I know this verse or ones similar to it have been used in my devotions in the past.  But a different thought occurred to me reading the above passage.  Moses is referring to the failure of Israel to take the promised land the first time around.  He is recalling the twelve spies and the evil report of ten of those spies.  He rehearsed how they felt and their perception of the likelihood of overcoming what seemed to be insurmountable odds.  The verse above is not meant for encouragement to face a battle.  Rather, a reminder of why their lack of faith was such a big deal.  They refused to trust God to do the impossible through them.  They put success squarely on their own shoulders and correctly assessed if they were to take the land, they would be defeated.  They did not calculate God’s power in their assessment.  This was why God was so displeased with them.  But that is not the thought that occurred to me this morning.  Nowhere does God promise to make the battle smaller.  He does not promise to shrink the enemy.  The nature of the battle is still the same.  With or without God, the enemy is what he or it, is.  They are still giants.  They are still innumerable.  They are still impenetrable.  Having God fight our battles does not shrink the enemy.

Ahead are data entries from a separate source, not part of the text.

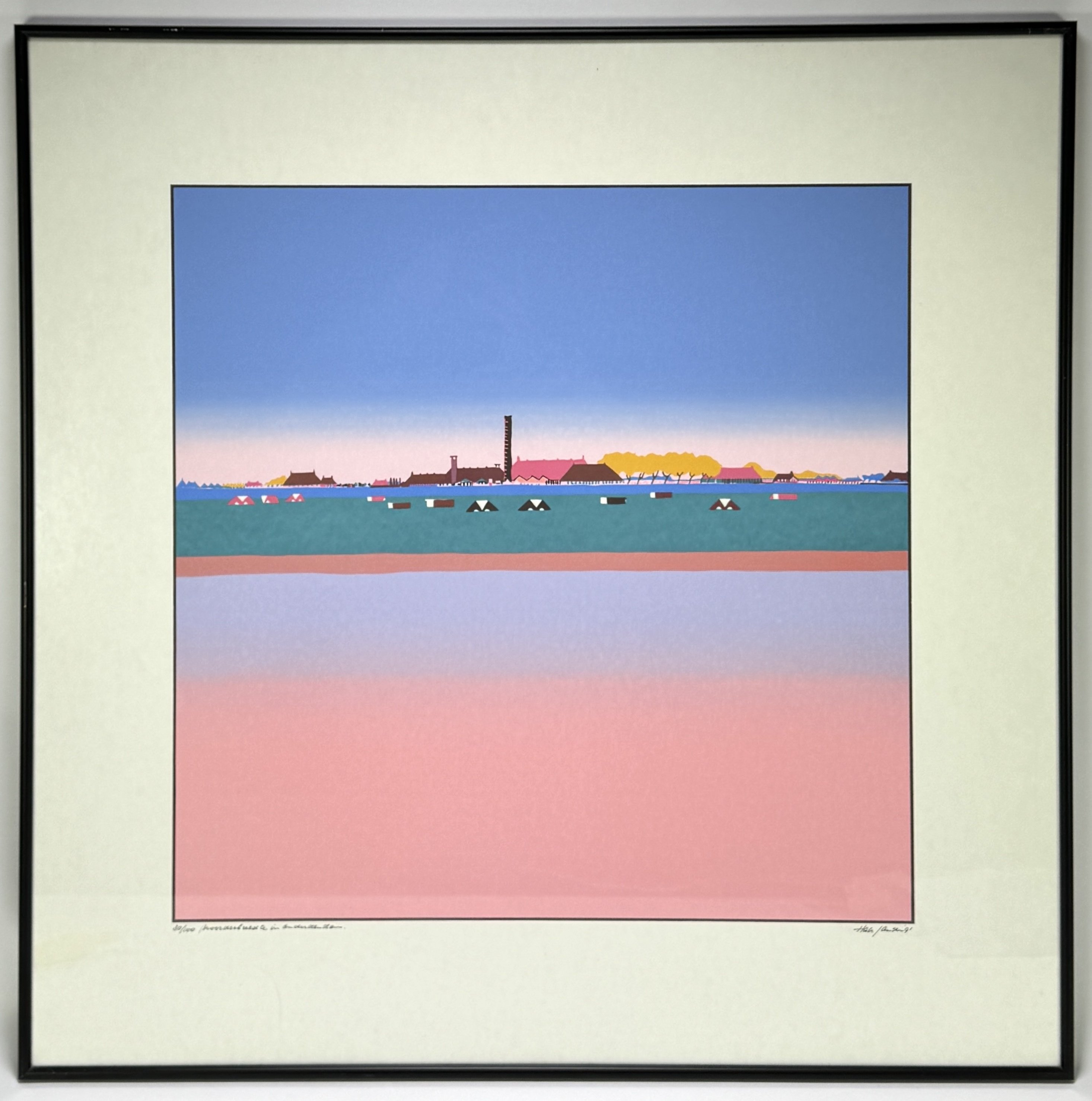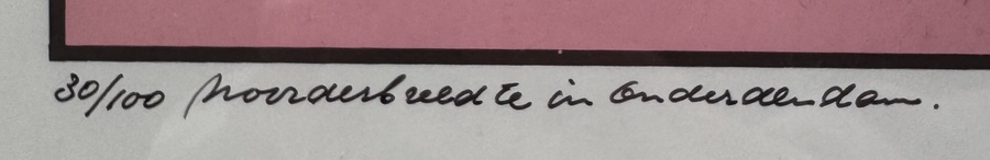 Zeefdruk door Han Jansen (1935) uit 1991, getiteld "Noorderbreedte in Onderdendam.". Het werk is uitgevoerd in de stijl van het grafisch realisme en minimalisme met heldere en vlakke kleurvlakken. De voorstelling toont een geabstraheerd landschap met een dorp en een dominante roze voorgrond. Het werk is genummerd 30/100 en gesigneerd Han Jansen '91. Geïnteresseerd? Bezoek onze kijkdagen op 28, 29 of 30 november van 11:00 tot 17:00 uur! |
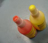 Краску лучше процедить. Можно купить фирменную воронку или через капроновый чулок. Может показаться излишей возней, но когда на пике вдохновения забъется дюза … Можно и не цедить. Процеженную и разведенную до нужной консистенции краску я разливаю в баночки с узким носиком-удобнее наливать в аэрограф. Покупаю в аптеке “перекись водорода” сущие копейки.Полупрозрачный бутылк не разъедается даже ацетоном, на крышку напыляю цвет и ставлю в коробочку.
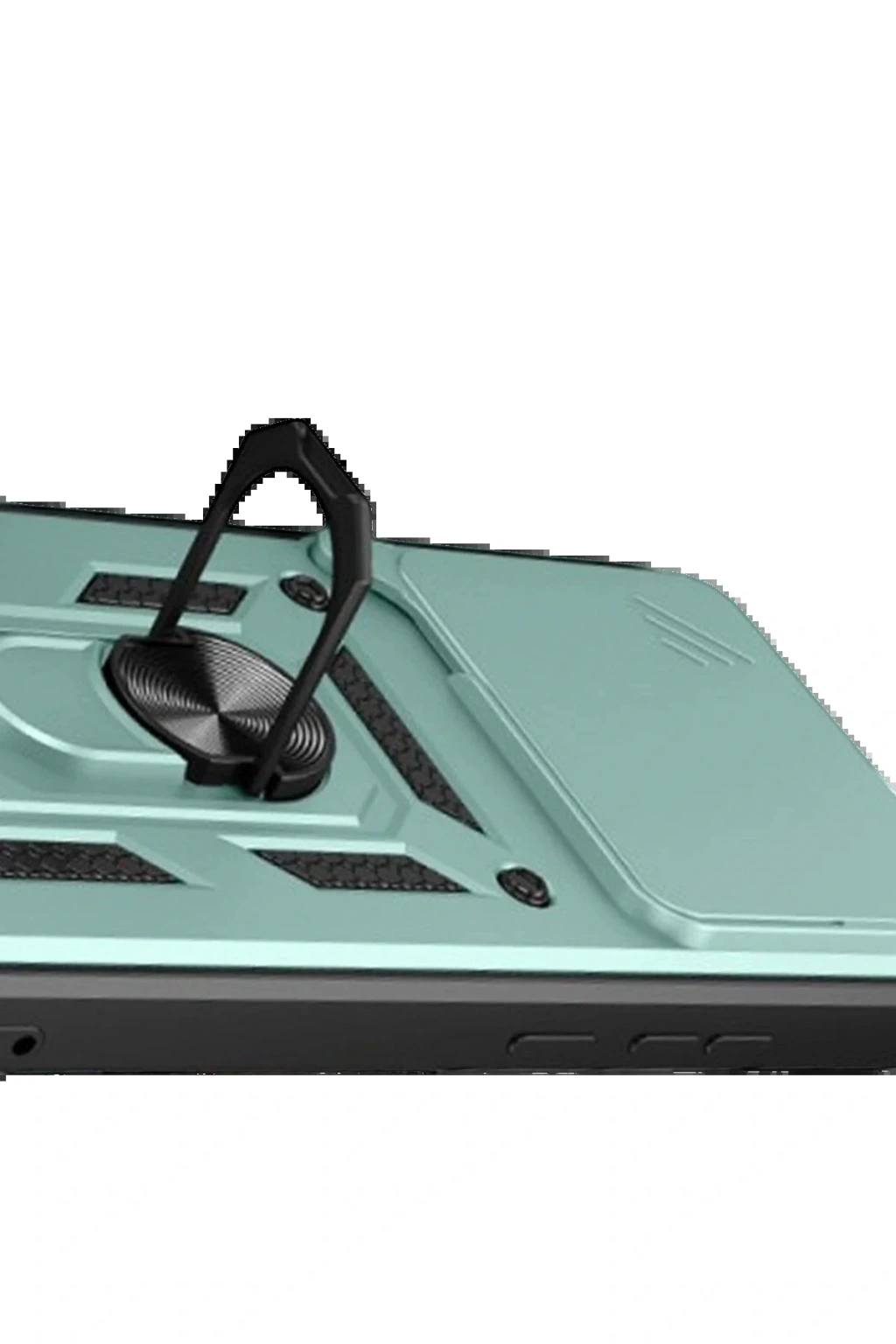 Kılıfın arka kısmında yer alan entegre metal halka hem tutucu hem de stand olarak işlev görür. Eller serbest video izleme, içerik görüntüleme ya da masaüstü kullanımı için idealdir.

Recently, I finished a sermon entitled, The Undesirable Will of God.  It comes from the prayer of Jesus in the garden.  There is much argument over this prayer and for no good reason.  Too much metaphysics and philosophy and not enough Bible.  It is plain that in His weakened human flesh, the Savior asked the Father for any other way by which mankind could be redeemed from their sin.  He saw the cruel death before him and the temporary estrangement of the Son from the Father and cried out that the cup that lay before him might be replaced by a lighter one.  Jesus raised the hypothetical of a small mountain.  A light load.  An easier trial to endure.  It wasn’t that He was seeking to avoid the goal of the trial altogether.  He was not.  It was the joy that was set before Him.  What He raised as a possibility was God might lessen the battle that He might endure what lay before Him.  Yet, the LORD did not.  The Father required of the Son all that we predetermined before the foundation of the world.  The plan of God was set.  It was written from eternity.  Nothing was going to make the cross lighter to bear.  Yet, the Spirit and the Father strengthened Him in His hour of need so that the payment for our sin could and would be paid in full.  The load did not decrease, but it did get lighter.

Having God involved doesn’t shrink the enemy.  We will still have to face what we have to face.  The mountain before us will still be just as high.  Wishing for something less is only stating if it were, we could face it without God.  The trial doesn’t diminish.  The challenge does not ease.  What does happen is God gets involved and strengthens us to overcome what we cannot face ourselves.  Wishing for an easier life is unrealistic and unbiblical.  Wishing it to all go away is immature.  Hoping to lessen the trial so that we can handle it on our own is not how God designed our steps of faith.  Rather, the battle is as large as it is because He wants to get us over the mountain.  He wants to prove Himself strong on behalf of His children.  He wants to be the God we need Him to be.  Praying that God would take away the trial is not what God intends.  That is not what He promises.  He promises to make a way through it so that we can endure the entirety of it.  The enemy is still tall and of great stature.  But our God is greater.  This is the point!